A mythical question about the fine-structure constant inverse approximation, $137$, and the telephone number for information, $411$.

Question

For which positive integers $a$, and $b$, does $a^2 + b^2$ divide the concatenation of $a$ and $b$ that is $ab$?

Eg, $4^2 + 11^2 = 137$, which divides $411 = 3 X 137$.

Is a there a mathematical name for the condition on integers $a$, $b$?

Answer 1

Let's write $a\|b$ for the concatenation of $a$ and $b$, e.g., $142\|857=142857$. Then the special case $a\|b=a^2+b^2$ is tabulated here. The first few terms are

$101, 1233, 8833, 10001, 10100, 990100, 1000001, 5882353, 94122353, 99009901, 100000001$, $100010000, 1765038125, 2584043776, 7416043776, 8235038125, 9901009901, 10000000001$, $48600220401, 116788321168, 123288328768, 601300773101, 876712328768, 883212321168$, $990100990100, 999900010000, 1000000000001, 1000001000000$.

The accompanying text begins,

The condition $x^2 + y^2 = 10^kx + y$ is equivalent to $(2x-10^k)^2 + (2y-1)^2 = 10^{2k} + 1$, so to find these sequence elements it is necessary to write $10^{2k} + 1$ as the sum of two squares.

There is a link to A. van der Poorten, K. Thomsen, and M. Wiebe, A curious cubic identity and self-similar sums of squares, The Mathematical Intelligencer, v.29(2), pp. 69-73, June 2007.

EDIT: Now, let's look at the general case, $a\|b=(a^2+b^2)r$. We write this as $$10^ka+b=(a^2+b^2)r$$ and after a little algebra we get $$(2ar-10^k)^2+(2br-1)^2=10^{2k}+1$$ so again it's a question of writing $10^{2k}+1$ as a sum of two squares. Let's do a couple of examples.

$\mathbf{k=2}$, $(2ar-100)^2+(2br-1)^2=10001=100^2+1^2=76^2+65^2$. Taking first $100^2+1^2$, we get $$2br-1=1,\quad2ar-100=100$$ so $br=1$, $ar=100$. The only solution is $r=1$, $b=1$, $a=100$, and $100\|01=100^2+01^2$.

Now using $76^2+65^2$, we get $$2br-1=65,\quad2ar-100=\pm76$$ from which we get $$br=33,\quad ar=88{\rm\ or\ }12$$ We get solutions

$r=1$, $b=33$, $a=88$: $88\|33=88^2+33^2$
$r=1$, $b=33$, $a=12$: $12\|33=12^2+33^2$
$r=3$, $b=11$, $a=4$: $4\|11=3(4^2+11^2)$ (which started this whole question)
$r=11$, $b=3$, $a=8$: $803=11(8^2+03^2)$.

Let's do $\mathbf{k=4}$. We get $10^8+1=10000^2+1^2=8824^2+4705^2$.

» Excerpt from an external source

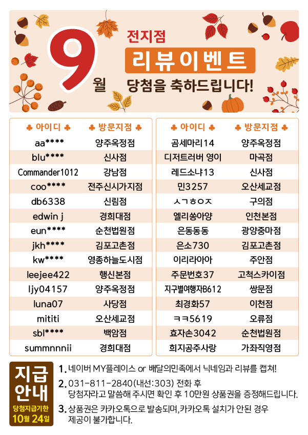 당첨자발표 9월

$2br-1=1$, $2ar-10000=10000$ leads to $r=1$, $b=1$, $a=10000$ and the trivial $10000\|0001=10000^2+0001^2$.

$2br-1=4705$, $2ar-10000=\pm8824$ leads to
$br=2353=13\times181$, $ar=9412=4\times13\times181$, or $ar=588=3\times4\times49$.

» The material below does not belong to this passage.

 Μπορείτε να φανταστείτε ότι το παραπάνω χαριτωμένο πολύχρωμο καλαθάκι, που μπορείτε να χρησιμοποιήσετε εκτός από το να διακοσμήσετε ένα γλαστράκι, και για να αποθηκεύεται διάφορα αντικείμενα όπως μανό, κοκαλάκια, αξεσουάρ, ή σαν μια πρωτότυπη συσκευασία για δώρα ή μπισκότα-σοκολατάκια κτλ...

We get $r=1$, $b=2353$, $a=9412$: $9412\|2353=9412^2+2353^2$
$r=1$, $b=2353$, $a=588$: $588\|2353=588^2+2353^2$
$r=13$, $b=181$, $a=724$: $7240181=13(724^2+181^2)$
$r=181$, $b=13$, $a=52$: $520013=181(52^2+13^2)$
$r=2353$, $b=1$, $a=4$: $40001=2353(4^2+1^2)$.